Data supplied =
↓↓↓

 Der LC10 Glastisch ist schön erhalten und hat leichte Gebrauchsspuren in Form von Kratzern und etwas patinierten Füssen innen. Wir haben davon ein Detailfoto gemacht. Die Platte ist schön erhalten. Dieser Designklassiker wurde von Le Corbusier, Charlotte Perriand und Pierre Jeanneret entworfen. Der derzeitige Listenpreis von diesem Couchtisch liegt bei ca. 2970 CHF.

↑↑↑
↓↓↓

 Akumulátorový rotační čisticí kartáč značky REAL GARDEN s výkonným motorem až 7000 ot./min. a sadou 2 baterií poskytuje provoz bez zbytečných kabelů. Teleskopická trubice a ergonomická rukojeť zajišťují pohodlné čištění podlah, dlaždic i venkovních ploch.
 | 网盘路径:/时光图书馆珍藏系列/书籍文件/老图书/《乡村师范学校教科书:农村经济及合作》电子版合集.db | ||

↑↑↑

Task brief = Above is a listing; print exactly its lines from the one with "Akumulátorový rotační čisticí" through the one with "网盘路径:/时光图书馆珍藏系列/书籍文件/老图书/《乡村师范学校教科书:农村经济及合作》电子版合集.db | ||", and no other lines.

Answer section =
 Akumulátorový rotační čisticí kartáč značky REAL GARDEN s výkonným motorem až 7000 ot./min. a sadou 2 baterií poskytuje provoz bez zbytečných kabelů. Teleskopická trubice a ergonomická rukojeť zajišťují pohodlné čištění podlah, dlaždic i venkovních ploch.
 | 网盘路径:/时光图书馆珍藏系列/书籍文件/老图书/《乡村师范学校教科书:农村经济及合作》电子版合集.db | ||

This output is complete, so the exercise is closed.